El chico me miró de arriba abajo, claramente decepcionado.

—No creo que tú seas Sebastián.

—No, gracias al cielo. Soy su roomie.

—Ah. —Levantó la bolsa—. Entonces, aquí está su pedido. Tardé un poco más porque tuve un incidente con mi bicicleta. Ya está pago.

Lo miré, parpadeando.

¿Pedido?

Sebastián, había pedido comida. Por supuesto que sí. Probablemente se había ido con el alma hecha pedazos, pero no sin dejarme algo para cenar.

Lo detesté un poquito por eso.

Y lo aprecié otro poquito también.

Suspiré, tomando la bolsa.

—Gracias.

El chico sonrió, ajeno a mi caos existencial, y se fue.

Cerré la puerta y me quedé quieta unos segundos, con la comida en la mano y un nudo extraño en la garganta.

Sebastián podía ser un idiota, sí. Un encantador, irresponsable y emocionalmente confuso idiota. Pero lo que fuera que William Madden le había hecho… no debía ser algo agradable.

Habían pasado casi dos horas desde que Sebastián se fue.
Yo seguía en el sillón, envuelta en una manta que ya no olía a suavizante. En la mesa de centro, el sushi esperaba en silencio, junto a dos pares de palitos y un control remoto que ya había apretado más veces de las necesarias.
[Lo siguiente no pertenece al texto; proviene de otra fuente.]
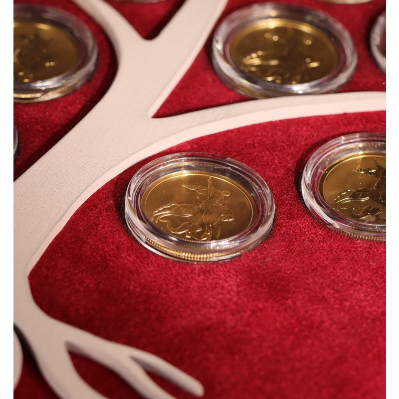 Так возникла задумка, воплотившаяся в чудесный объект, достойный внимания знатоков и почитателей красоты — картинка-шкатулка «Монетный ассамбляж “Древо”». В своей конструкции произведение подобно чудному дереву жизни, ветви которого являются зеркалом судьбы каждого владельца, охраняя самую дорогую ценность — 20 прекраснейших золотых монет «Георгий Победоносец».

Puse una de sus películas en la televisión. Sí, una comedia romántica. De esas que él insistía en que “había que ver para estudiar la estructura narrativa del romance”. Tonterías. Ese tipo de romance no existía, y estaba segura de que mi cerebro se estaba licuando cada vez que la idiota mujer se humillaba, pero al menos me mantenía distraída.

Cuando escuché la cerradura, mi corazón hizo un salto traidor.
La puerta se abrió despacio y ahí estaba él.

Sebastián entró con una expresión extraña, como si hubiese peleado con todos los fantasmas del pasado y ninguno se hubiera rendido. Llevaba la chaqueta abierta, la camisa arrugada, y los hombros caídos. Ni siquiera intentó fingir una sonrisa, lo cual era sumamente preocupante.

Cerró la puerta sin hacer ruido y ni siquiera me miró.
Solo dejó las llaves sobre la encimera y fue directo a la nevera por agua.

—El chico dejó el sushi —dije, señalando las cajas.

Nada.

Ni una palabra.

Se quedó mirando la pantalla. Solo el murmullo de la televisión llenaba el silencio.
Katherine Heigl se probaba vestidos de dama de honor mientras el tipo de mandíbula perfecta la miraba con devoción y le hacía chistes sobre la amistad y el destino. Sí, claro. Qué fantasía.

Si los hombres reales fuesen así, probablemente el planeta ya se habría extinguido por exceso de perfección.

—Te estaba esperando —dije, intentando sonar despreocupada—. Dijiste que a las nueve veríamos otra de esas películas horribles y cursis que, según vos, van a “curarme del bloqueo creativo”.

—Creí que no te gustaban —respondió, abriendo la botella. Su voz era baja, sin su tono usual de broma fácil.